I could be wrong . He might have just had enough sobriety to allow enough reflection to realize how bad he is screwing up. 

I believe that if you continue to show the strength that you have shown you will have no regrets . you aren't afraid to take control of your life. your daughter has an excellent mom . and you have an excellent self . I'm very sorry for what you are experiencing but I must say that you make me smile . I so wish more people would act with your resoluteness. 

I hope you have a good day . 
_Posted via Mobile Device_


----------



## EleGirl (Dec 3, 2011)

You need to see an attorney before you move out. Staying somewhere for a few days is ok. But actually moving out needs to be planned with an attorney. 
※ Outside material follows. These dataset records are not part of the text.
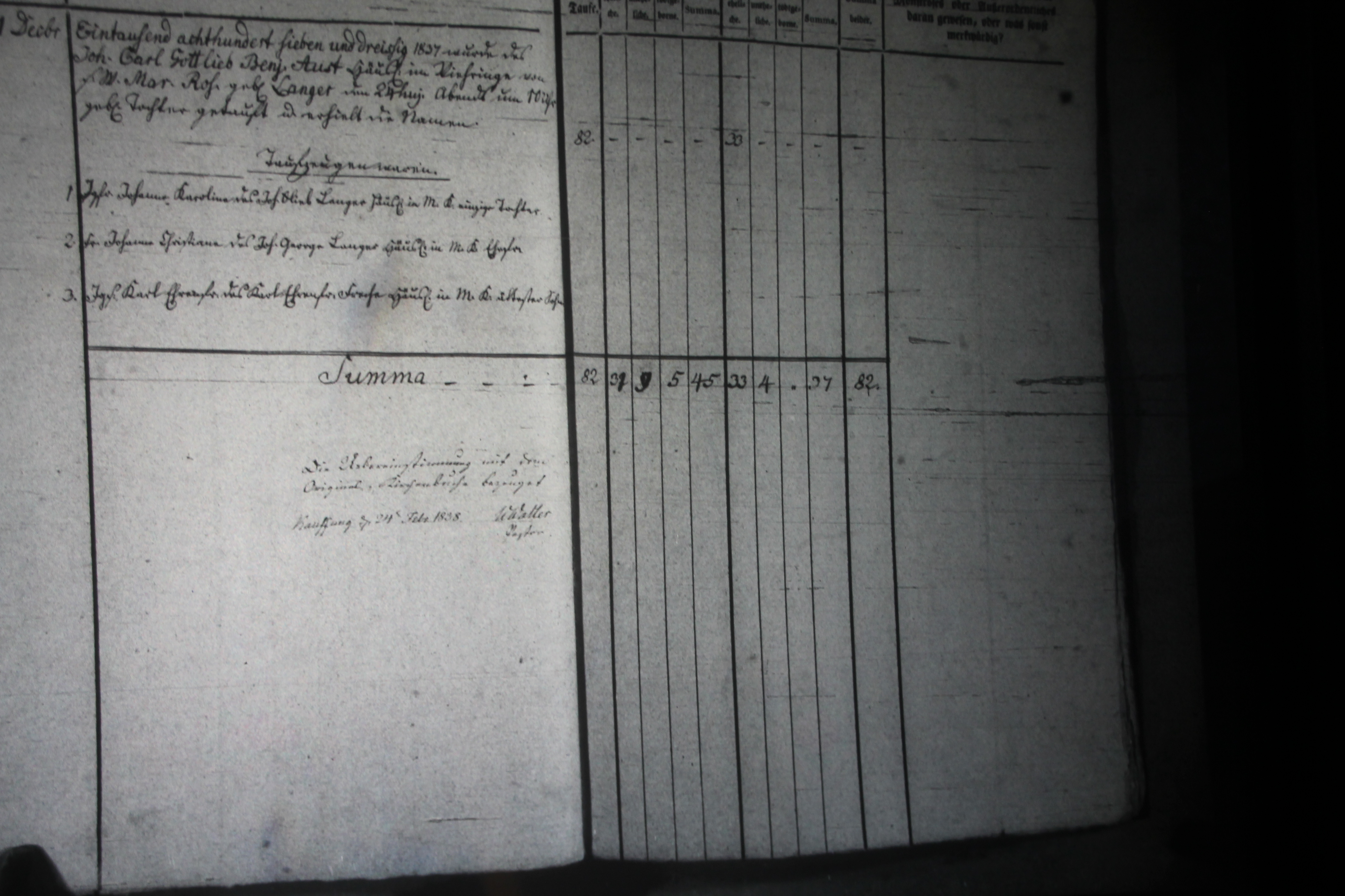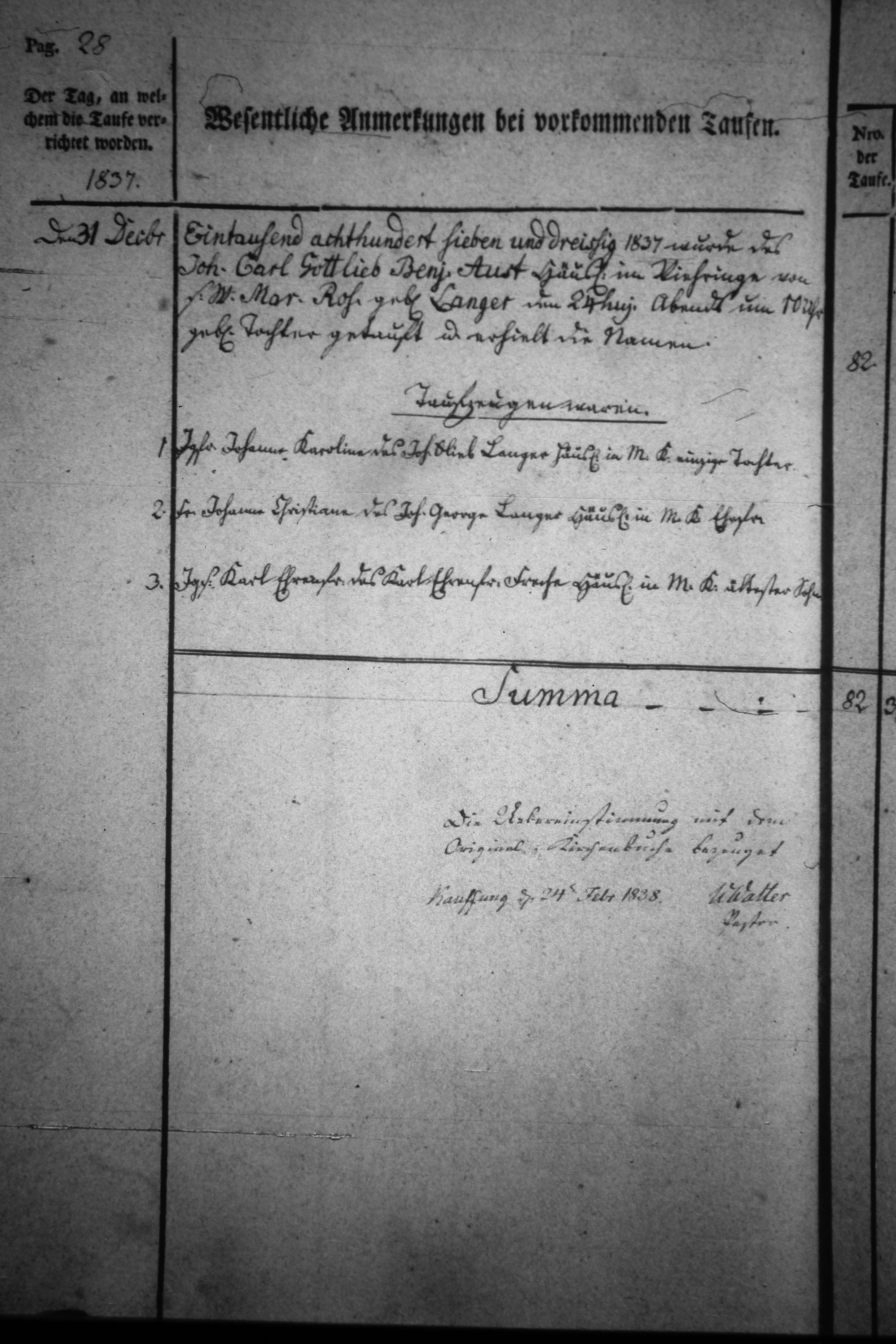 Text | Quellenscan: http://bilder.goldberg-haynau.de/Kauffung/Taufen/Taufen%201837-1839%20zweitesmal/IMG_5146.JPG http://bilder.goldberg-haynau.de/Kauffung/Taufen/Taufen%201837-1839/ersatzbilder/mom_1378.JPG [color=#FF0000]Quelle S709, [/color] Taufen Kauffung 1837-28 Pag 28 Nr. 82 den 31. Dezember 1837 Wurde des Johann Carl Gottlieb Benjamin Aust, Häusler in Viehring-Mittel Kauffung, von seinem Weibe Marie Rosine geborene Langer den 24. des Monats abends um 10:00 Uhr geborene Tochter getauft, und erhielt die Namen Taufzeugen waren: 1. Jungfer Johanne Karoline, des Johann Gottlieb Langer, Häusler in Mittel Kauffung einzige Tochter. 2. Frau Johanne Christiane, des Johann George Langer, Häusler in Mittel Kauffung Ehefrau. 3. Junggesell Karl Ehrenfried, des Karl Ehrenfried Freche, Häusler in Mittel Kauffung ältester Sohn. Anmerkung von Rainer Minnerop: bei diesem Eintrag fehlt der Name des getauften Kindes Ende 1837 | |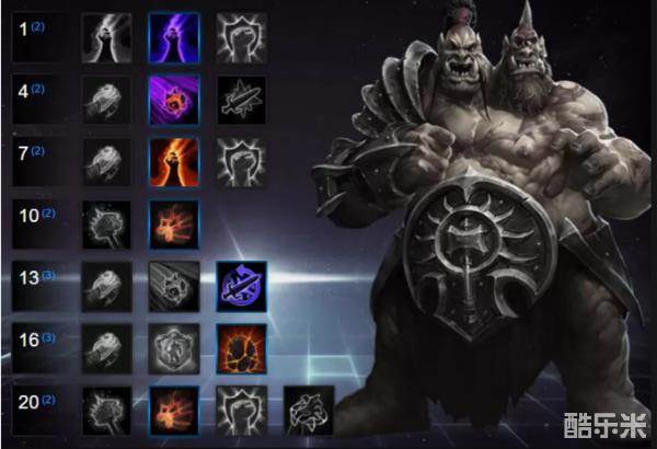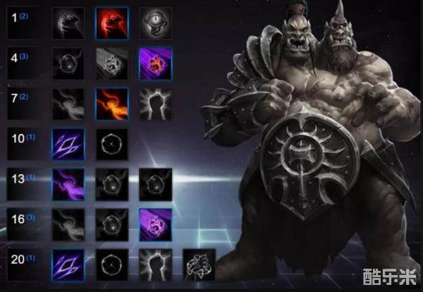 20级:挫志怒吼效果最明显,现在E没晕眩可以加强大招减少冷却时间,比较适合对付泰凯斯和裂空,不过对面也不傻不会老打你。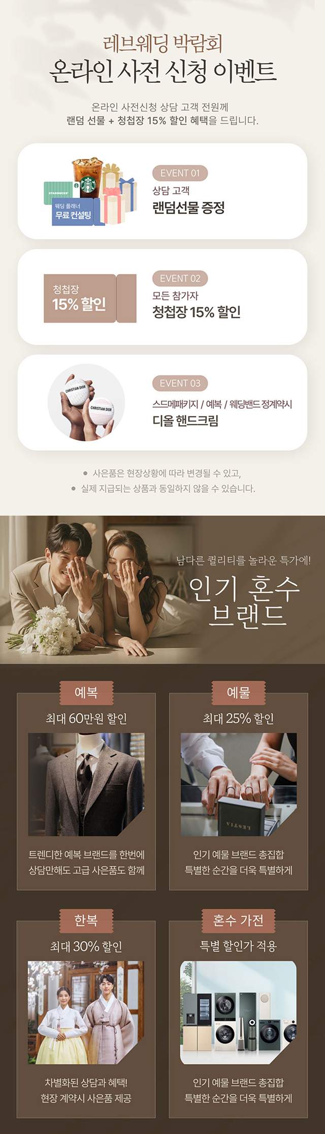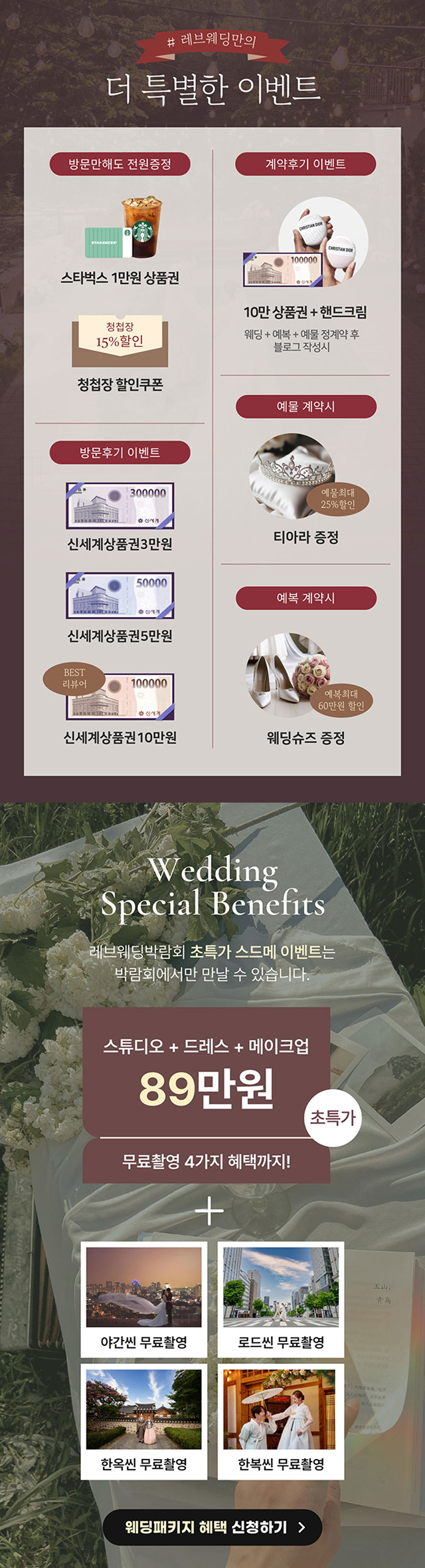 본 프로모션 페이지는 "더퍼스트웨딩"의 프로모션 대행사인 '소나미디어'의 'CPAAD'서비스를 통해서 시행되고 있습니다. 관계법령에 의거 본 프로모션에 참여하신 고객님의 개인정보는 상품안내(텔레마케팅, 이메일 등)의 마케팅에 활용됩니다.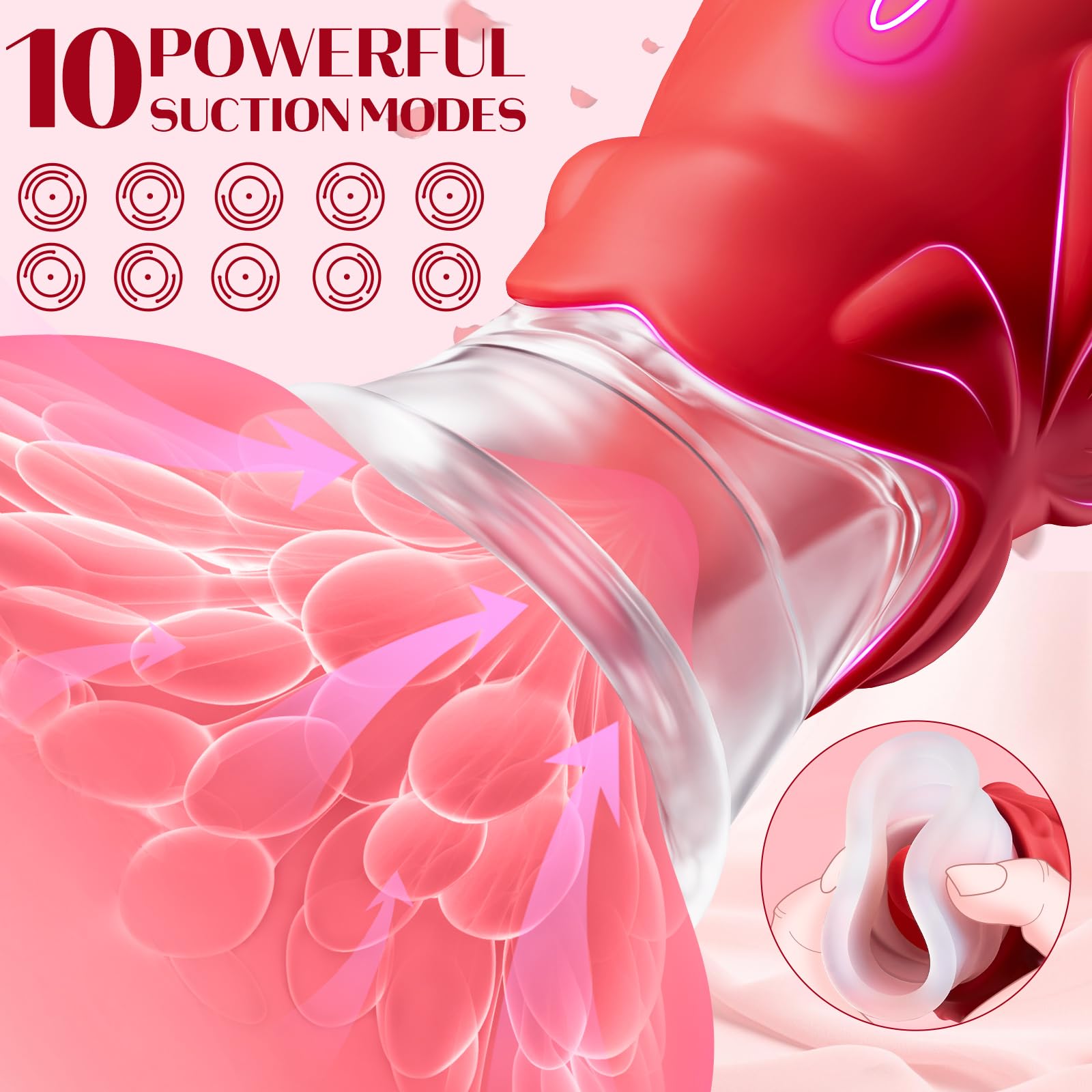 This 2 in 1 rose sex toys feature a unique function that allows you to turn on sucking and licking modes at the same time, so you can enjoy double stimulation at once. The suction cups of this sex toy vibrator are made of silicone and unlike other hard suction cups, the suction cups on this rose sex toy are soft. It can deform the suction depending on the mode selected.
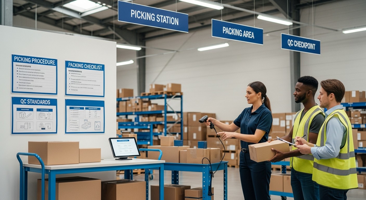 Một quy trình chuẩn cần tối thiểu 1 nhân sự kiểm hàng cho mỗi 3–4 nhân sự nhặt hàng.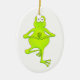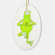 Este sapo pateta tem uma prática saudável da ioga e aqui está mantendo a postura difícil do equilíbrio chamada da "pose árvore"--irónico porque este sapo acontece ser um sapo de árvore! A parte traseira deste ornamento pode ser personalizada para ter uma mensagem pessoal em honra de seu receptor, se é seu instrutor da ioga, um fã da ioga, ou você mesmo! Tenha um dia hoppy!

Now I doubt your husband will do this as he does not seem to care, but if you move out with your child he can get a court order for you to return your child to the family home. This is what happened with me. So be careful.


----------



## Stretch (Dec 12, 2012)

Vows are worthless. They are more like an acknowledgement that some lawyer(s) will make a lot of money off you.

Took 22 years for my legal bill to come due but they all seem to come due. My WAW's vows were lies. She is incapable of promising anything or being honest with a partner. A breach of contract and I am going to get the bill, BS.

Learn from the past, live an awesome current and future,
Stretch


----------